What voy says.
Fan ownership isn't really a goer in the current model of you want to be more than a social club with football. At our own club we've seen over the last decade, plenty of people willing to do more than just turn up. In fact willing to do anything but turn up! At Wigan, fans raised a huge sum in a short time to keep club afloat, Bury and others have created entire new clubs. The financial arrangements make it very hard to turn the clear appetite for fans to be involved on a deeper level into something with long term prospects as platform for clubs to challenge at highest level.
I think the way football is set up creates that entitlement. Players earn huge wages - that breeds demand, resentment, expectations. The media hypes value and finance all the time. People in football are reduced to being merely commodities. They're not humans, they're just units of value. If they don't perform, then it's like if you get a defective product from Amazon - swear a bit, send it back and get another one. As we're priced out of involvement with clubs, it's no wonder we don't look at the commodities as investments but simply units off a production line and any defects are rejected instead of fixed.

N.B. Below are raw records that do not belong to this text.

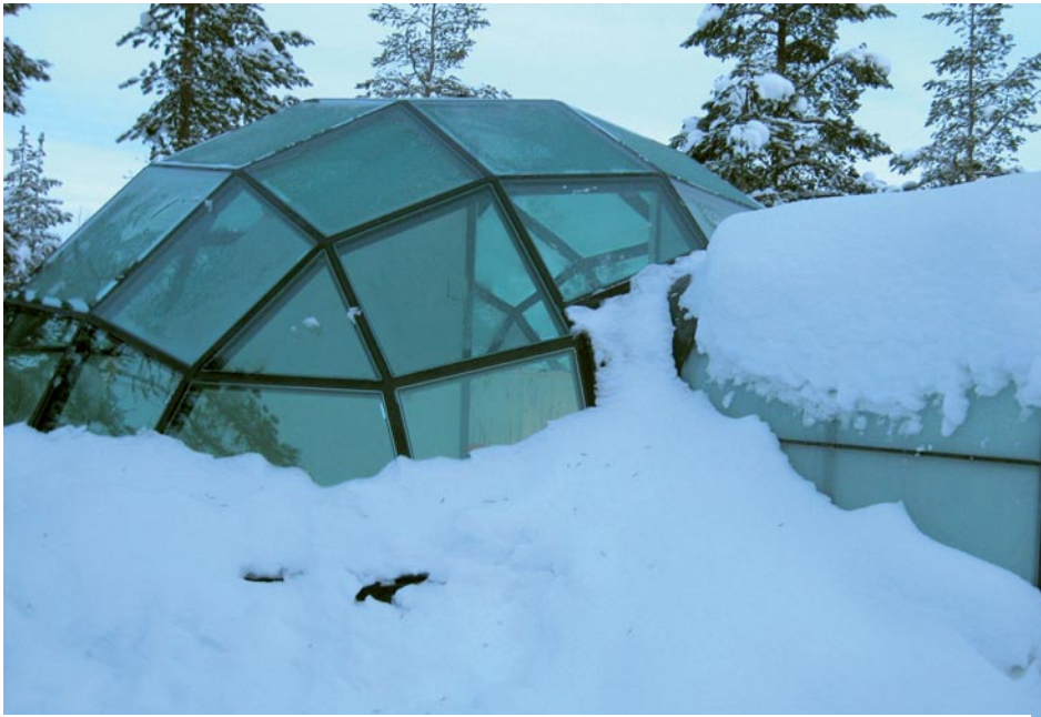
Igloo de verre thermo
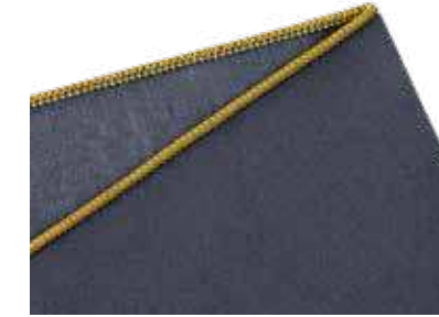
3-Faden-Rollnaht schmale Versäuberungsnah für dünne Stoffe
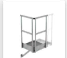
Plate-forme d'extension 500 x 1000 mm
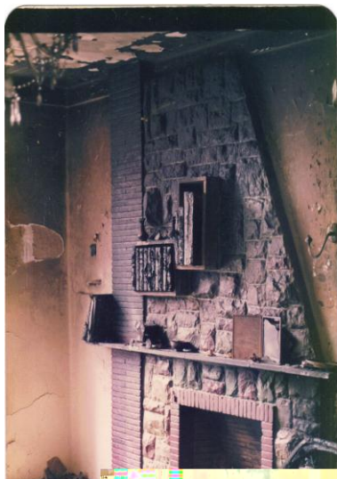
مجموعه آثار دکتر یزدی □ ۳۶۵
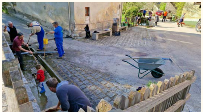
Čiščenje korit v Doslovčah

VO Doslovče se zahvaljuje vaščanom, da so se udeležili čistilne akcije 13. aprila in skupaj pripomogli očistiti vaško jedro ter polepšati našo vas.
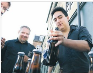
Lørdagens Beerwalk begynder hos John Bull Pub, som havde brygget af Nordjyske, der gav en smag på fem bryg. 11 var der i den anden aften var ikke så mange, her skænktes Labb og Søl og gik af.

Media coverage also places a huge emphasis on performance. Being miserable is a disaster, relegation is an unthinkable and shameful failure. The reality is, when we look at objectively, those are inevitable things for some teams to experience most seasons. In fact, sometimes relegation is actually a blessing in disguise for a club.
It's also true that 'football fans' are a broad sweep of society. A huge number of people identify as such. So by identifying what 'football fans' are like also points at wider social attitudes. People are more impatient, people do have a more flippant attitude towards consumer goods now. Gone are the days when my grandad used to fix stuff in his garage and pride himself on never needing a new thing. Gone are the days of loyalty and reliability being key qualities in a worker. We live in a performance orientated world. People spend their weeks chasing targets, in short term contracts and under lots of pressure to hit often unreasonable goals.
Is it any wonder they then project that frustration onto players or clubs?